◆ **Given data**:
'''
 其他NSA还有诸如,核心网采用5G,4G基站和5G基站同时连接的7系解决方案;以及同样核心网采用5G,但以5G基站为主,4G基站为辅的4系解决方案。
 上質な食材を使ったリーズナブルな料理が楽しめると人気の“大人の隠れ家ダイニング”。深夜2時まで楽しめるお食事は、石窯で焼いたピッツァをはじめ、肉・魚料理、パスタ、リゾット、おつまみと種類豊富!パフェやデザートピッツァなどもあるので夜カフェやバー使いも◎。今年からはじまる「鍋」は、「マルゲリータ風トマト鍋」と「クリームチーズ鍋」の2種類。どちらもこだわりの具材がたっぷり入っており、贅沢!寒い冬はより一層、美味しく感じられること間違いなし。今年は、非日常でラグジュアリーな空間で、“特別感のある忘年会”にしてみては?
'''
'''
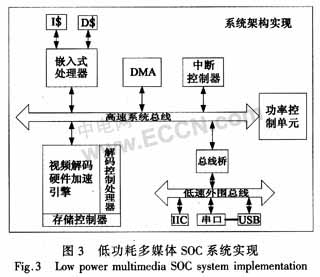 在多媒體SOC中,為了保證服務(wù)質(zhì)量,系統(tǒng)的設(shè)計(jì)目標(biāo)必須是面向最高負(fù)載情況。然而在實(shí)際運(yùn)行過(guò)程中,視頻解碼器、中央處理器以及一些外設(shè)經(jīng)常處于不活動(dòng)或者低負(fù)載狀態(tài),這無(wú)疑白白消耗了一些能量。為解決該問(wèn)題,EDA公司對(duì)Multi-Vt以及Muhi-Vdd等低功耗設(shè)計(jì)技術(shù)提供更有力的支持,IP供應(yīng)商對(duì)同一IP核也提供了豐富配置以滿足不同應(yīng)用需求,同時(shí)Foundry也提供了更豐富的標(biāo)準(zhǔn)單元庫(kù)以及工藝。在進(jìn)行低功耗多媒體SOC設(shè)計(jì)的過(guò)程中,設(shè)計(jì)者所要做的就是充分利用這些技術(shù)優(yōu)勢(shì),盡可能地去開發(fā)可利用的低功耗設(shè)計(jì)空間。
'''
'''
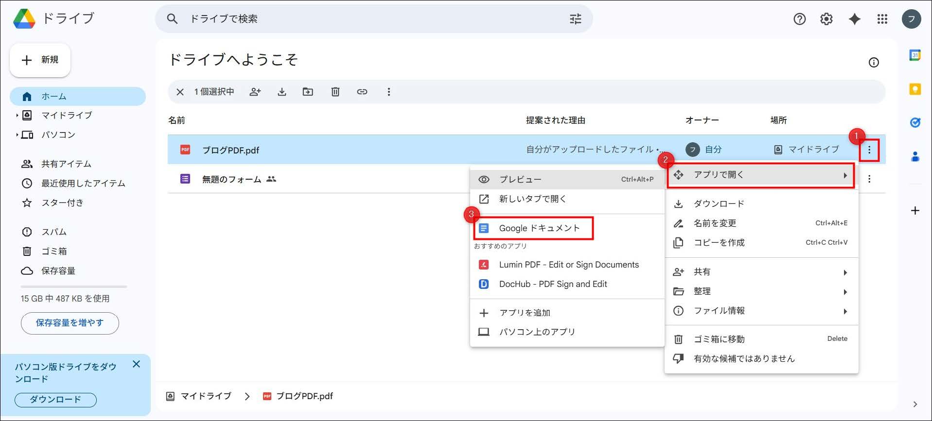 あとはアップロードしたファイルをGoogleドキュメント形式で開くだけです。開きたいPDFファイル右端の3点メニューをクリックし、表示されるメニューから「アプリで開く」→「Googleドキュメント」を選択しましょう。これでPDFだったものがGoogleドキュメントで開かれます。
'''
◆ **Your task**:
Could you repeat exactly the lines in the listing above from the one with "其他NSA还有诸如,核心网采" down to the one with "上質な食材を使ったリーズナブ"? Include both of those lines.

◆ **Exercise response**:
 其他NSA还有诸如,核心网采用5G,4G基站和5G基站同时连接的7系解决方案;以及同样核心网采用5G,但以5G基站为主,4G基站为辅的4系解决方案。
 上質な食材を使ったリーズナブルな料理が楽しめると人気の“大人の隠れ家ダイニング”。深夜2時まで楽しめるお食事は、石窯で焼いたピッツァをはじめ、肉・魚料理、パスタ、リゾット、おつまみと種類豊富!パフェやデザートピッツァなどもあるので夜カフェやバー使いも◎。今年からはじまる「鍋」は、「マルゲリータ風トマト鍋」と「クリームチーズ鍋」の2種類。どちらもこだわりの具材がたっぷり入っており、贅沢!寒い冬はより一層、美味しく感じられること間違いなし。今年は、非日常でラグジュアリーな空間で、“特別感のある忘年会”にしてみては?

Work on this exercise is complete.